You are viewing a plain text version of this content. The canonical link for it is here.
Posted to dev@lucy.apache.org by Marvin Humphrey <ma...@rectangular.com> on 2011/05/02 17:43:05 UTC
Re: [lucy-dev] Simplifying the Query Parser
On Mon, Apr 18, 2011 at 02:16:33PM -0700, David E. Wheeler wrote:
> On Apr 18, 2011, at 12:41 PM, Marvin Humphrey wrote:
> > The others are all solvable by tightening up the parser:
> >
> > * Currently field names must match /[0-9A-Za-z_]+/. We should require
> > them to be identifiers, i.e. they must not start with a number:
> > /[A-Za-z_][0-9A-Za-z_]*/
> > * QueryParser should use single-token lookahead to enforce that field name
> > constructs must be followed by something sensible.
>
> And if it's not, what then?
If it's not, as in the forward slash following the colon in
'http://www.apache.org/', then we consume the whole thing as a leaf --
typically resulting in a phrase query.
> What if it's sensible but the field doesn't exist (or is private)?
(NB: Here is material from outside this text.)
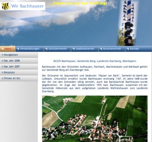 Die Internetseite von Bachhausen heißt: http://www.wir-bachhauser.de/. Wer sie anklickt, den grüßt ein animiertes, herzliches “Servus”. Wer weiterklickt, erfährt, dass sich die Bachhauser auf den Frühling freuen (ein Zeichen, dass die Seite aktuell und auf dem Laufenden ist). Wir sehen das folgende “Menü” mit örtlichen Vereinen, Veranstaltungen und den 3 örtlichen Betrieben. Untendran ein Luftbild und eine nette historische Einführung:

For now, we just use the field name. Starting in 0.2.0, I think we should
consider parsing such constructs as NoMatchQueries. But that's a more
involved change.
> > This issue should not block 0.1.0, which is almost done.
>
> Well, if the handling of PHP::Interpreter is a bug, should that not be fixed
> before 0.1.0?
Yes, I agree.
With r1096201 and r1096207, the two changes proposed above have been
implemented. There is no change in behavior unless set_heed_colons() has been
invoked. If heed_colons is true, then the following query strings will now
produce sensible results:
http://www.apache.org/
10:30
PHP::Interpreter
This will still produce an unexpected result:
mailto:me@example.com
Marvin Humphrey
Re: [lucy-dev] Simplifying the Query Parser
Posted by "David E. Wheeler" <da...@kineticode.com>.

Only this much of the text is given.